Here at UCL, we worked on a new and different approach to leaping the hurdle of foreground contamination. We wanted to exploit our knowledge of the filamentary nature of polarised foregrounds — but to sidestep having to construct a very detailed picture of the complicated interaction between grains of dust and the Galaxy’s magnetic field. To do this, we needed to use special sets of filters called wavelets. Unlike previous kinds, these wavelets are directional. This means that their shapes are not symmetric about their centre, but long and squeezed. In fact, they can be varied to match the shapes and sizes of the dust filaments we want to remove from our measurements (figure 4)!

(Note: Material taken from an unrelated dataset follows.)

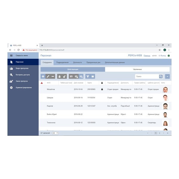 Раздел "Персонал" позволяет автоматизировать процесс ввода и хранения учетных данных сотрудников и создания графиков работы. В разделе предусмотрена возможность ведения списка должностей и подразделений предприятия.

The other side of our approach is to exploit another aspect of our data. We map the microwave radiation in the sky at many different frequencies across the microwave spectrum. At low frequencies (about 30 GHz), it’s dominated by synchrotron photons. At high frequencies (about 300 GHz), it’s dominated by thermal dust photons. We can effectively use these maps as templates for the foreground contamination and subtract them from a map we make at a middle frequency (about 100 GHz). Then we should be left with (mostly) primordial and lensing signal. The simplest way to do this addition and subtraction of maps is to make an internal linear combination (ILC). This adds and subtracts multiple maps with different weights for each one — e.g., the Planck satellite provides seven such maps for this purpose. The weights are optimally chosen to minimise the amount of contamination in our final map of the cosmological signal.

Now we can put all the pieces together. We might expect that the optimal weights will depend on the structure and shape of the foreground filaments. They are each a different physical region of the Milky Way. But, we’d like a way to disentangle these filaments. Well, this is exactly what the directional wavelets can do! If we first filter our input maps with these wavelets, picking out filaments of a certain size, shape and orientation, then we can apply the ILC in a localised way.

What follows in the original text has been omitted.